More than six years after ISIS terrorists took over their ancestral homes in Sinjar to the north of Iraq, hundreds of Yazidi families are once again facing another round of displacement, following a fire that erupted in the camp they have been living in for years.
The cause of the fire is unknown and firefighters are still working to extinguish the blaze. pic.twitter.com/DWRfHaofwG— Kurdistan 24 English (@K24English) June 4, 2021
On Friday afternoon, a fire erupted in a camp where hundreds of Yazidi families have been living since they were first displaced in 2014 near the Duhok province in Kurdistan's region.
Online, many videos have been shared showing the damage caused by the fire, especially that residents reported delay in extinguishing efforts, even though the fire in the Sharya camp is not the first of its kind.
Devastated to see #Yazidi families lose 450+ shelters to a fire in #Sharya Camp. Camp conditions threaten the lives of displaced Yazidis every day. This is unacceptable. Let us send tangible support, not sympathy, to affected families. pic.twitter.com/0Rrl4huws5— Nadia Murad (@NadiaMuradBasee) June 4, 2021
Besides the pain of seeing more than 400 tents destroyed during the incident, residents of the Sharya camp have complained to local reporters that authorities are not putting in the needed work or effort to stop similar accidents in the future.
Tweets have also been highlighting the need for organized campaigns that can help the Yazidi community amid the increasing difficulty of life.

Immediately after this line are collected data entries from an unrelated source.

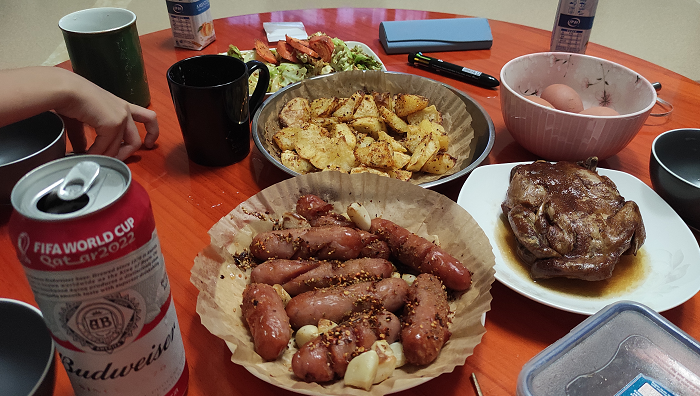 우리 가족도 봉쇄해제 기념으로 보급품으로 받은 양배추와 당근으로 볶음요리, 보급받은 감자로 튀김요리, 보급받은 닭 오븐에 구워 술안주해서 아껴먹던 맥주를 마셨습니다.
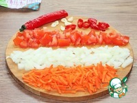 7. Приготовим соус. Нарезать очищенные овощи: лук - маленькими кубиками, перец - полосками, морковь - соломкой, помидоры дольками и чеснок - слайсами. |
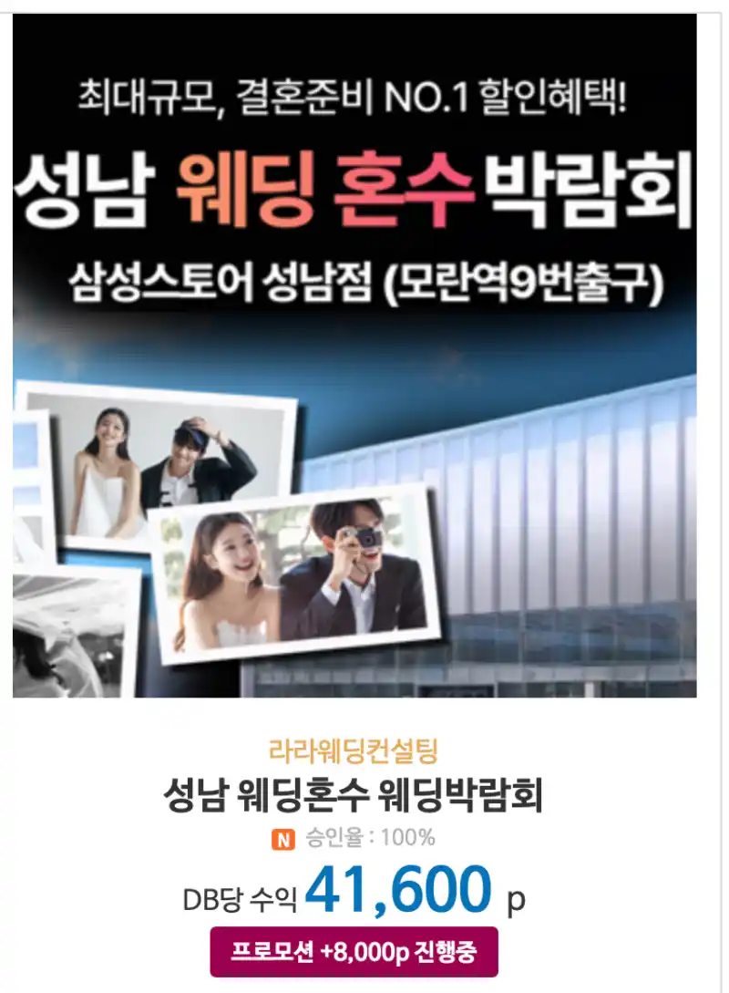 단순한 클릭만이 아니라 행동으로 이어져야하기 때문에 전환율은 낮지만, 그만큼 건당 수익금액이 2만원-5만원정도로 높아 도전해보기 좋은 수익화방법입니다.
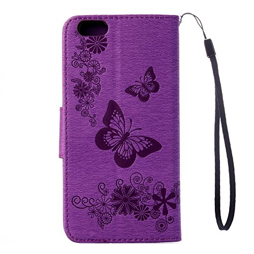 IPhone 6 Plus / iPhone 6S Plus Custodia, COOSTOREEU Copertura della cassa del basamento del supporto del raccoglitore di cuoio dell'unità di elaborazione della farfalle per iPhone 6 Plus / iPhone 6S Plus 5.5 Inch,Viola
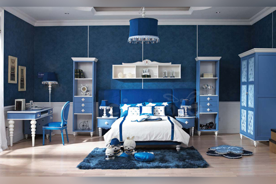 高端奢華兒童家具品牌藍色兒童臥室家具組合
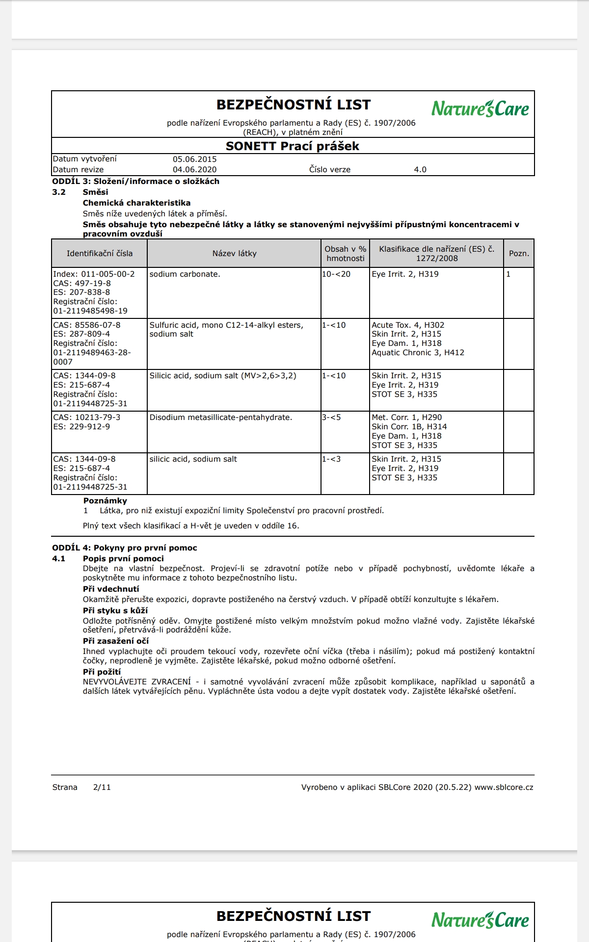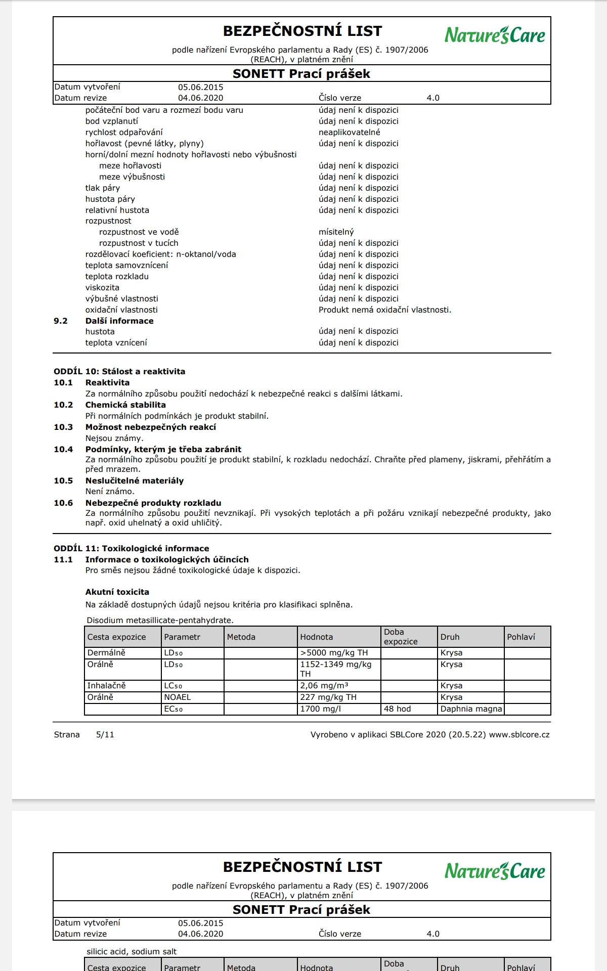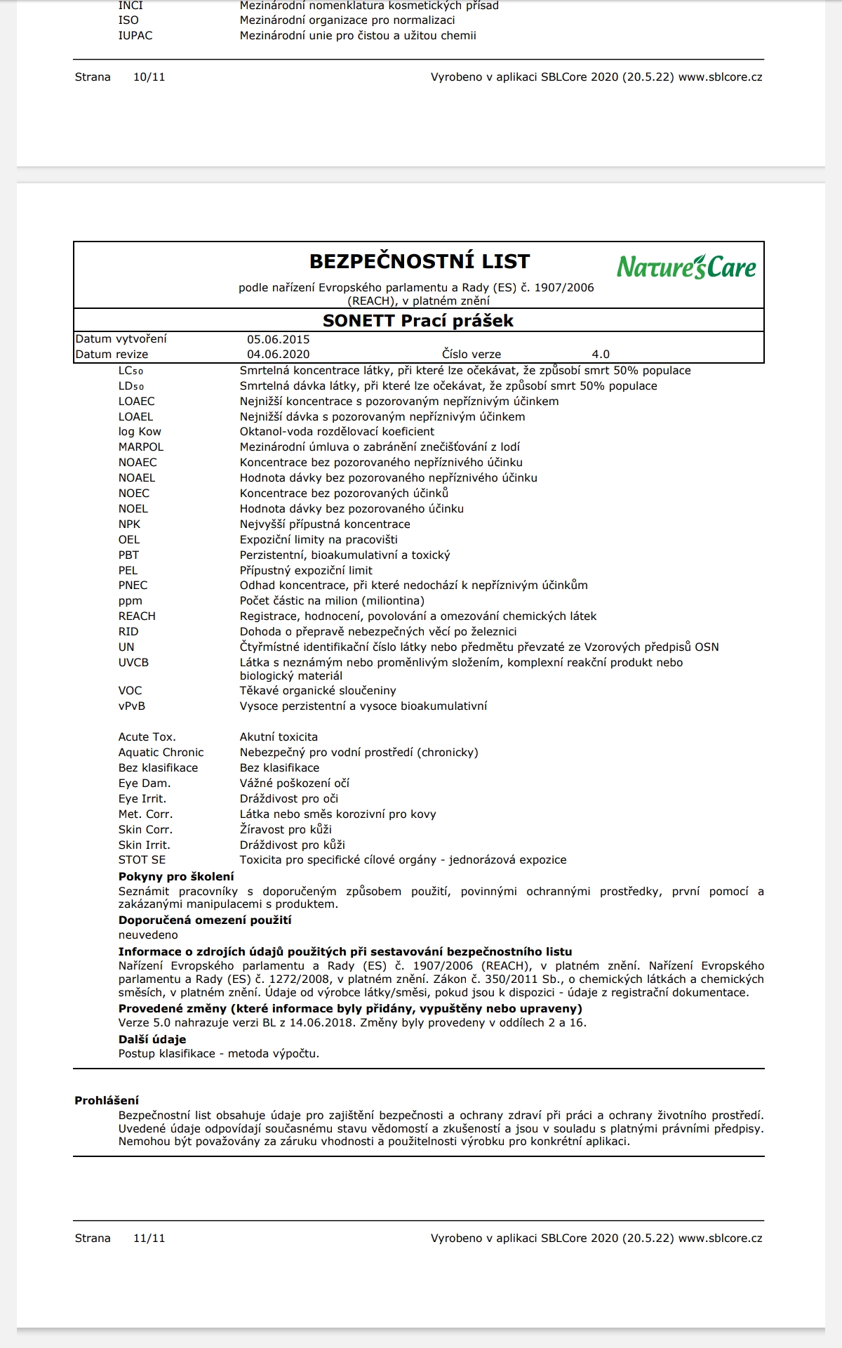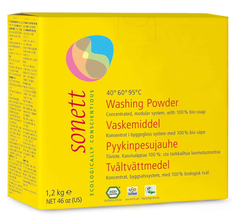 Původ a vlastnosti jednotlivých složek: Prací prostředek SONETT obsahuje jako hlavní účinnou látku mýdlo které se vyrábí z různých rostlinných olejů, palmového, řepkového, kokosového a olivového, a to vařením s louhem. Oleje pocházejí zčásti z ekologické resp. bio-dynamické produkce. Mýdlo jako aktivní mycí látka v sobě jedinečným způsobem spojuje všechny, pro proces praní nezbytné, vlastnosti smáčení nečistoty, jejího rozpouštění a pohlcení. Soda se vyrábí přeměnou vápna pomocí kuchyňské soli. ORTOKŘEMIČITAN vzniká roztavením křemičitého písku a sody. Soda a ortokřemičitan posilují svou zásaditostí mycí louh a podporují uvolňování zejména mastných látek. Zeolit A a vrstevnatý křemičitan mají jako výchozí surovinu křemičité horniny. Vedle své vlastnosti poutat vápník ve vodě poutají tyto složky zároveň i organické látky rozpuštěné v prací vodě a barevné pigmenty a zabraňují jejich usazování na prádle. Derivát kokosového oleje podporuje mýdlo v jeho funkci rozpouštění tuků.
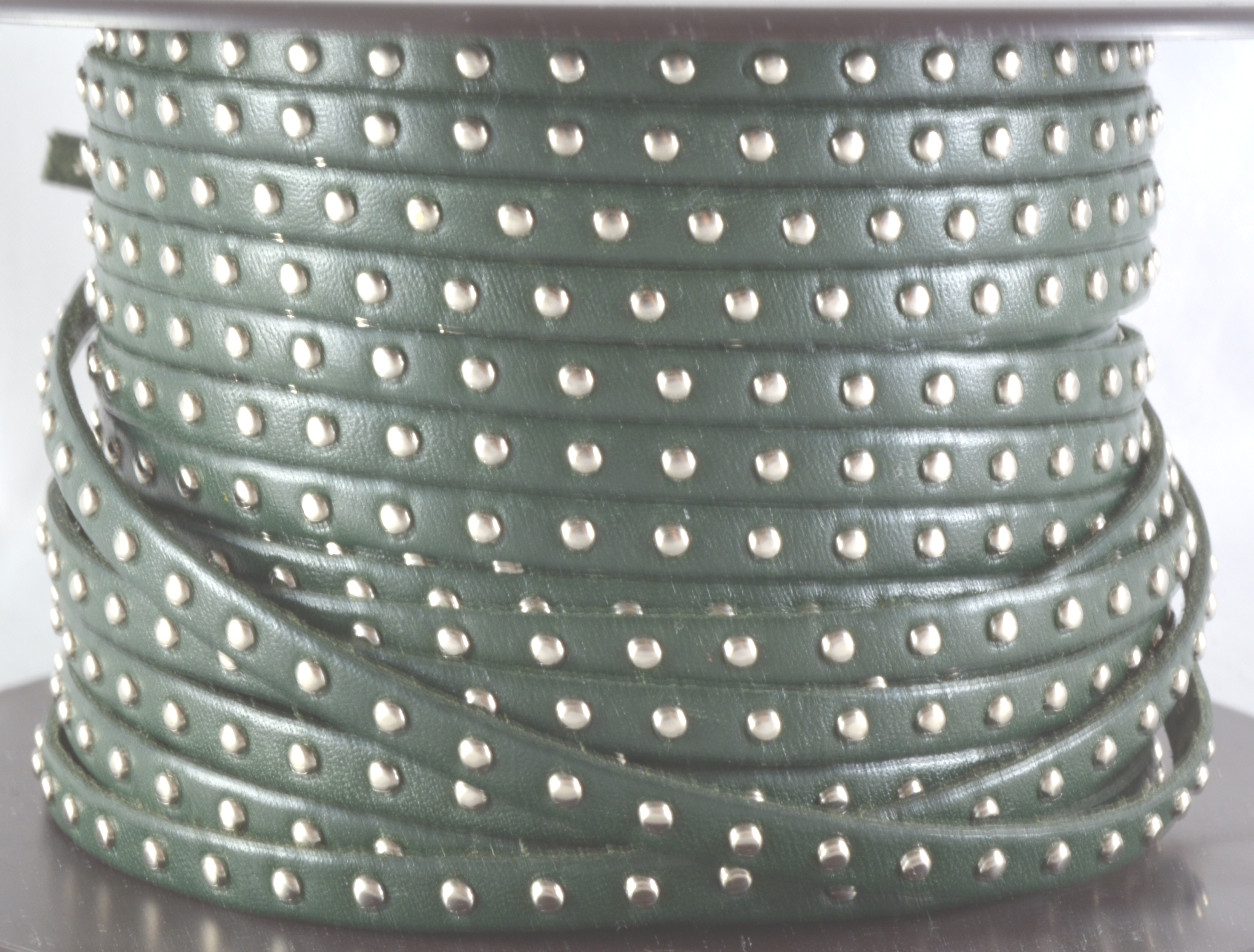 Cuir  de Veau 5mm clouté laiton à la main, d'où le prix elevé.
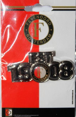 Opis: Oryginalna, fabrycznie pakowana, wydana przez holenderski klub piłkarski Feyenoord Rotterdam odznaka, nawiązująca do roku założenia tego klubu (1908). Została wykonana z metalu i polewy epoksydowej, jest mocowana na pin. Odznaka jest oficjalnym produktem klubu ze stadionu De Kuip.
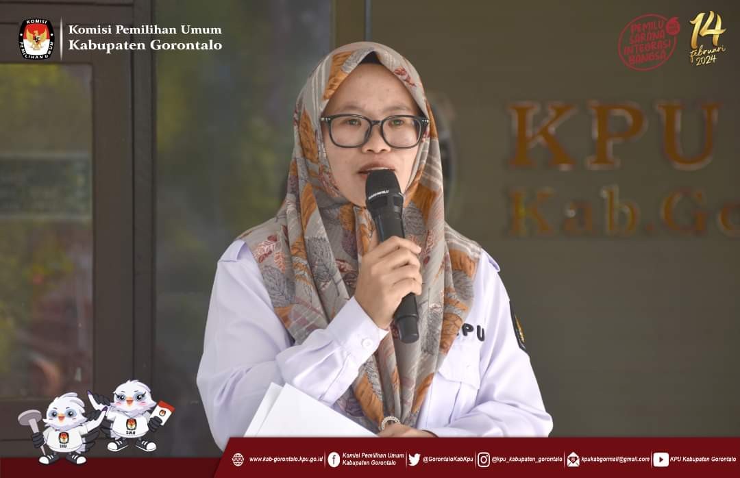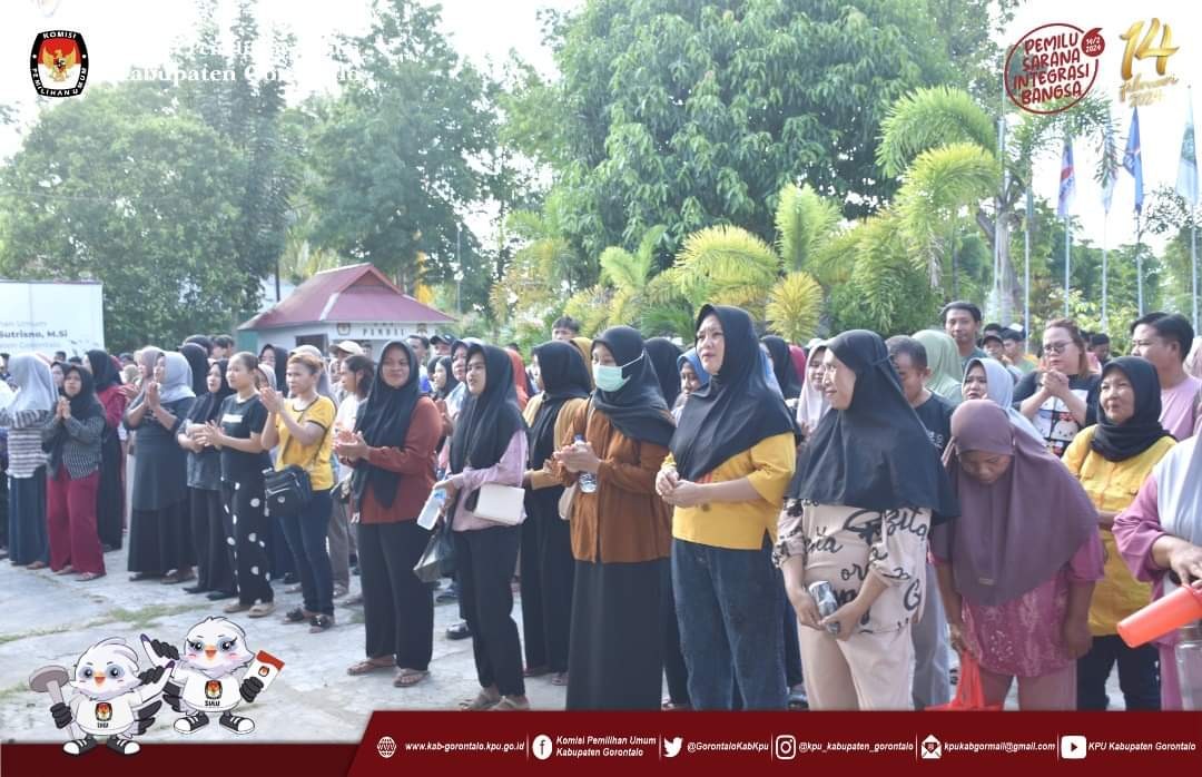 Komisi Pemilihan Umum (KPU) Kabupaten Gorontalo, menggelar apel bagi 365 orang peserta terkait pelaksanaan Sortir dan Pelipat surat suara Pemilu 2024 di halaman kantor KPU Kabupaten Gorontalo. Kamis, (4/1/2024).

@Khalsa_Aid is supporting 100s of Yezidi families who have lost everything in the fire in #Sharya Camp by providing breakfast, lunch and dinner until they return back to their shelters. @JccKrg @KRG_UK pic.twitter.com/2piV0iC80J— Sozan Fahmi 🌻 (@FahmiSozan) June 6, 2021
Yazidis are held hostage in displacement camps by the political disputes between Baghdad, Erbil & armed groups that impede safe & sustainable return migration to #Sinjar. Today’s fires show, once again, the injustice of ill governance & inaction. Yazidis always pay the price.— Nadia Murad (@NadiaMuradBasee) June 4, 2021
Well-known Yazidi activists have been using their social media platforms to spread the word and mobilize support from across the world, including the Nobel Peace Prize laureate Nadia Murad who lives in Germany.
Murad has also accused the local governments in Baghdad and Erbil of neglecting the Yazidi plight.
A report issued last week by Human Rights Watch has concluded that camp closures in Iraq are harming the internally displaced population, especially amid "inadequate plans" provided by the Iraqi government to support thousands of the country's displaced communities.